• _TASK DESCRIPTION_:
Where a line in the material below has the string "Pastel", please report it.

• _DATA SUPPLIED_:
--- --- ---

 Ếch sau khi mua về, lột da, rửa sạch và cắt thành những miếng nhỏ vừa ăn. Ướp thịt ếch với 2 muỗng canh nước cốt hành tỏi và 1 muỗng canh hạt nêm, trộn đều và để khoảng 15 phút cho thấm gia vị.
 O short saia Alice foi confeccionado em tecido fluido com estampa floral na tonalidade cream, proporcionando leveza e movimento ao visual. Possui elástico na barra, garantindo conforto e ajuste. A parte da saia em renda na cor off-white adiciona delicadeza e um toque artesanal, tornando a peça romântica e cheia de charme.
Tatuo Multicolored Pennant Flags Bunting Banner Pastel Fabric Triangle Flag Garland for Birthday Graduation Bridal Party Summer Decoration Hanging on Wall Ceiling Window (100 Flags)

--- --- ---

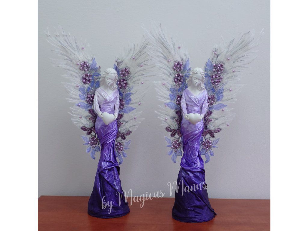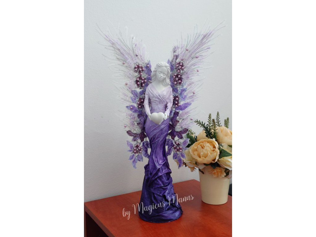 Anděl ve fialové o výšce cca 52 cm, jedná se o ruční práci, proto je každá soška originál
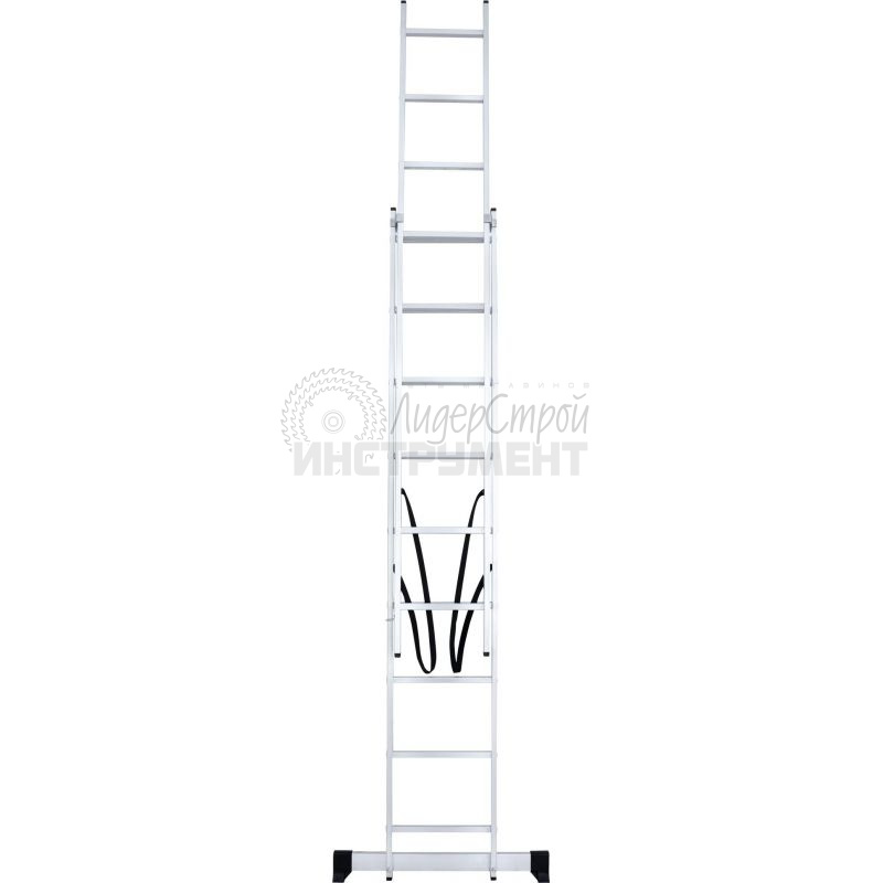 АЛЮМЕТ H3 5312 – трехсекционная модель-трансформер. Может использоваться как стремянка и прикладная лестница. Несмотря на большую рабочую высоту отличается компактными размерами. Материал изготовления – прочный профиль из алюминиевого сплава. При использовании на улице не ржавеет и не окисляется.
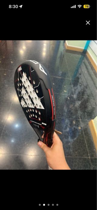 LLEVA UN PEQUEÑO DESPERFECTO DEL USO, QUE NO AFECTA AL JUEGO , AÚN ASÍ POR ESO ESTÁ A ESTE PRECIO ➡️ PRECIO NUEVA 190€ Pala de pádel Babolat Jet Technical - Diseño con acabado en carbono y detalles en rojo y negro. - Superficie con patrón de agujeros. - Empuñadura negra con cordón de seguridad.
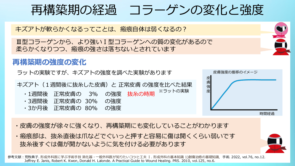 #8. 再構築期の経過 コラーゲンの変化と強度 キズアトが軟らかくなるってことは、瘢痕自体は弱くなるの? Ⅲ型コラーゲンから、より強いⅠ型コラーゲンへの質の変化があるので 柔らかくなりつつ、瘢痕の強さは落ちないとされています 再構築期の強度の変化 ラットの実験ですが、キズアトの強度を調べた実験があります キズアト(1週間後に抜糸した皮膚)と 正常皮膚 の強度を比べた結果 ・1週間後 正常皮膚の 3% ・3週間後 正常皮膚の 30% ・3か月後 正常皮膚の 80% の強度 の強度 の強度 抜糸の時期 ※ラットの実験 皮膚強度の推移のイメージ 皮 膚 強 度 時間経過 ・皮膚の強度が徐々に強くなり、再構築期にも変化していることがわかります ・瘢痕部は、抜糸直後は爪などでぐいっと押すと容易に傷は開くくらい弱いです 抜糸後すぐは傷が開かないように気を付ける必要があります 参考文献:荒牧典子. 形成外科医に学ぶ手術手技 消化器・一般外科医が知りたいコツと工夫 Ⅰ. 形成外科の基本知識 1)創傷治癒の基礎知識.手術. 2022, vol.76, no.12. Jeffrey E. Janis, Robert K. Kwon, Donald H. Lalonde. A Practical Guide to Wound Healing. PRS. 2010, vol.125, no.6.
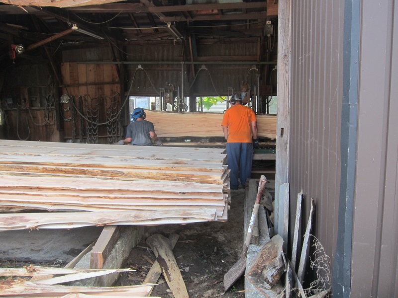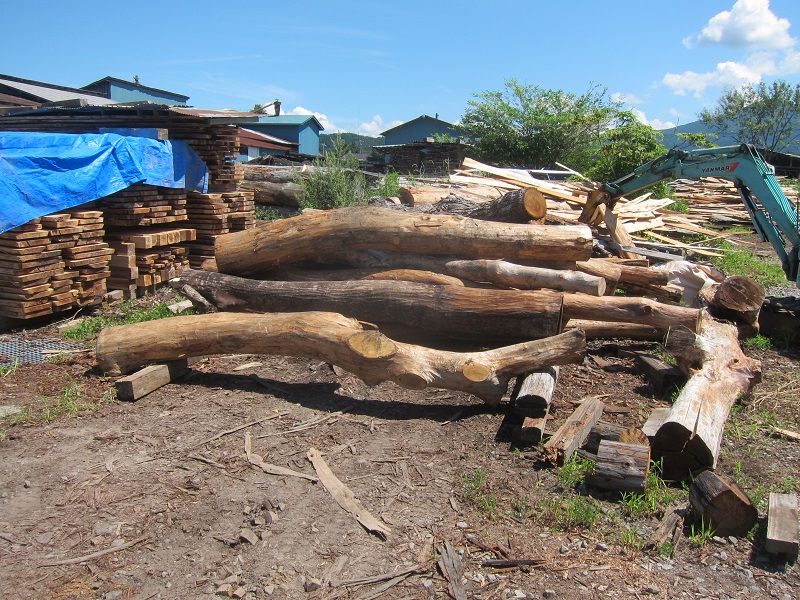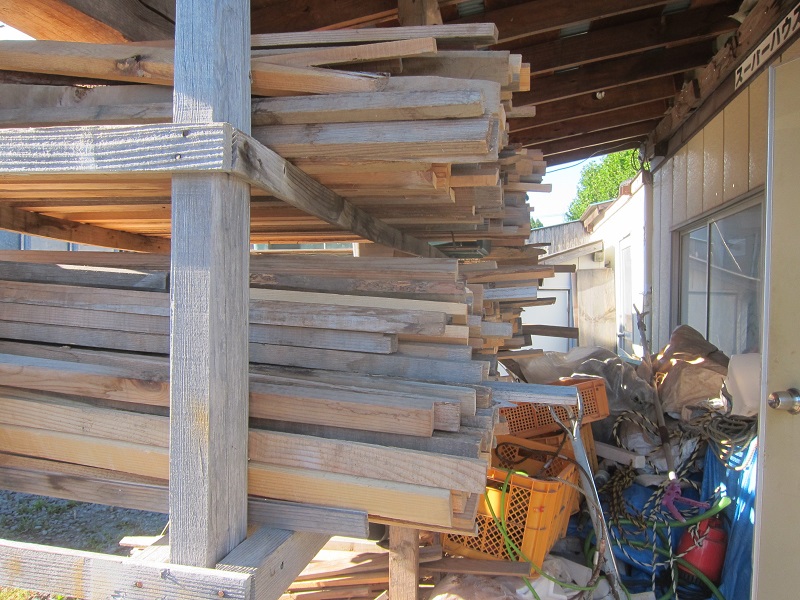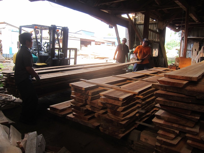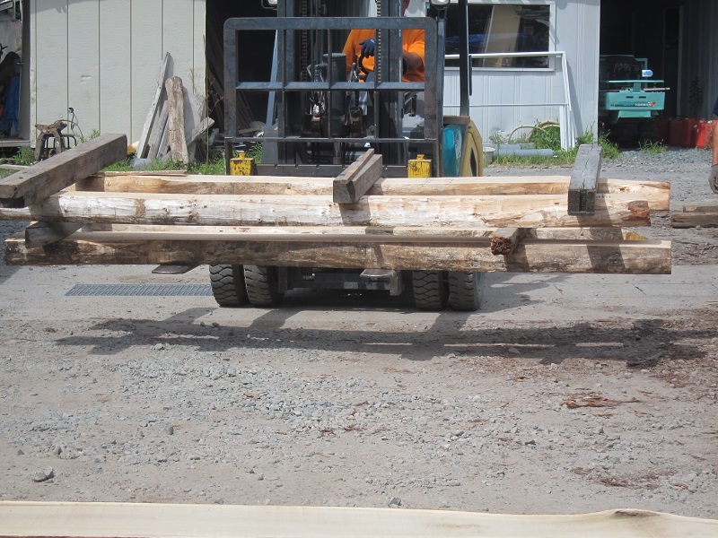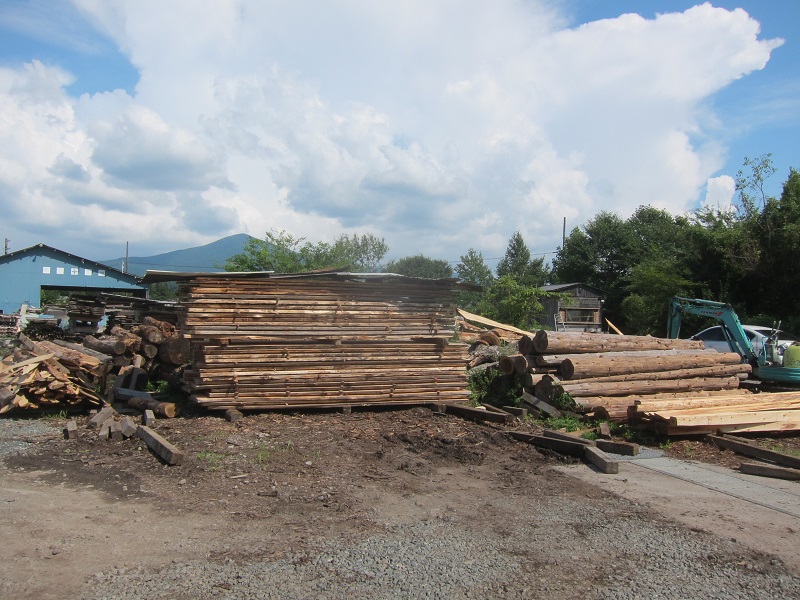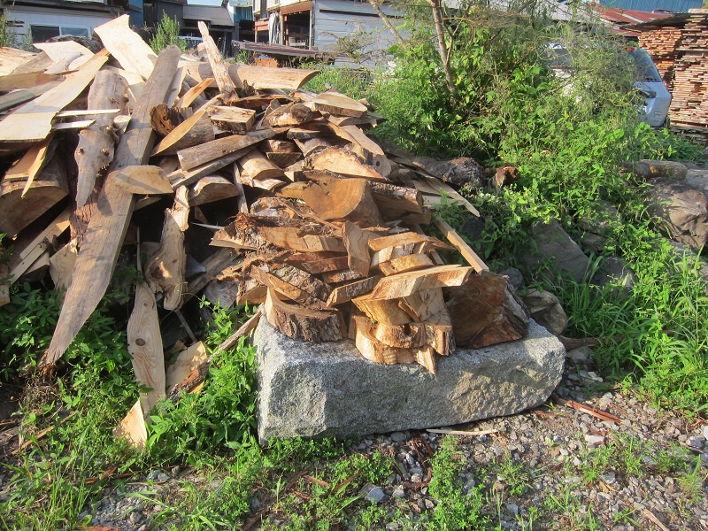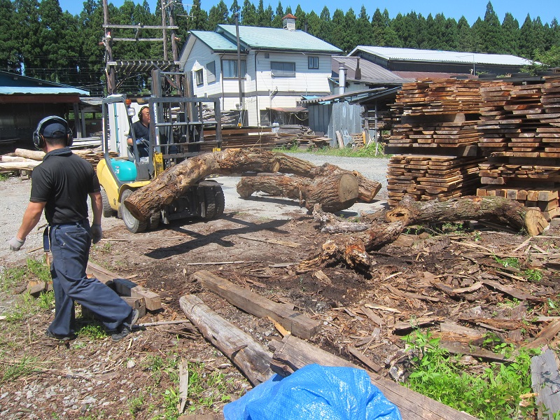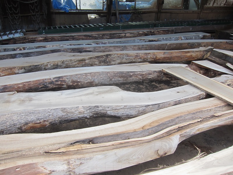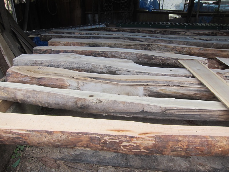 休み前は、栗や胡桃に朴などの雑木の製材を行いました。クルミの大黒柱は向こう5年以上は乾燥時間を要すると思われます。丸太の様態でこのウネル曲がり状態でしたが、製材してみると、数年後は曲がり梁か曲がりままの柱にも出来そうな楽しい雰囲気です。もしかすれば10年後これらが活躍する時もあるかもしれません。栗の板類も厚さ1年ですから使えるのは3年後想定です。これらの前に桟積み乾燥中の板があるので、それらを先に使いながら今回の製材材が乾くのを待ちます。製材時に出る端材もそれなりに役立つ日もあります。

--- --- ---

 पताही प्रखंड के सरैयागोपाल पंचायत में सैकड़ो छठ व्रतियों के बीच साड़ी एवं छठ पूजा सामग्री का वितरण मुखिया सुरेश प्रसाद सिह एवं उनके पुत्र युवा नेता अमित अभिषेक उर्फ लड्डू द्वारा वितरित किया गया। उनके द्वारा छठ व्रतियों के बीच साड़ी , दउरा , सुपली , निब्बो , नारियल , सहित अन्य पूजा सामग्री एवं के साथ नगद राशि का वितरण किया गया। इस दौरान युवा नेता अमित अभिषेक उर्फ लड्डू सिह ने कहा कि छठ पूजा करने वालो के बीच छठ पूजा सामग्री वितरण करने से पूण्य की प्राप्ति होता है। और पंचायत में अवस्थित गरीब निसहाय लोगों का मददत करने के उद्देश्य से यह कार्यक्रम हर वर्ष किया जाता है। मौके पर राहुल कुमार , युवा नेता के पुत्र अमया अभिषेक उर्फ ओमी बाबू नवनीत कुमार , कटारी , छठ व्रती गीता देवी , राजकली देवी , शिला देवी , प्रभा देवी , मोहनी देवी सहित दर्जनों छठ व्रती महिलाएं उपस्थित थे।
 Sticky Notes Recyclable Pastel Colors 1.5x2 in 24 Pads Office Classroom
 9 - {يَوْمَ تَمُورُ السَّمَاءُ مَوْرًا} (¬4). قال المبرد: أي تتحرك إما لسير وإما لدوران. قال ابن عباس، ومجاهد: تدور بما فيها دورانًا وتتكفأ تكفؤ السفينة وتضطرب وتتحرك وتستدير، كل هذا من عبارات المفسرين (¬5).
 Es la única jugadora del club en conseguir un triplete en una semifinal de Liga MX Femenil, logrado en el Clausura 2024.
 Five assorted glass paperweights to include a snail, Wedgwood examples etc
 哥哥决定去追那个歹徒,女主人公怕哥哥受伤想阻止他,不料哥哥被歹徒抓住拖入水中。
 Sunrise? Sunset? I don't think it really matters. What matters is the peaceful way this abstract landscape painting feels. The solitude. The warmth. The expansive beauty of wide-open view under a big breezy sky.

--- --- ---

• _ANSWER_:
Tatuo Multicolored Pennant Flags Bunting Banner Pastel Fabric Triangle Flag Garland for Birthday Graduation Bridal Party Summer Decoration Hanging on Wall Ceiling Window (100 Flags)
 Sticky Notes Recyclable Pastel Colors 1.5x2 in 24 Pads Office Classroom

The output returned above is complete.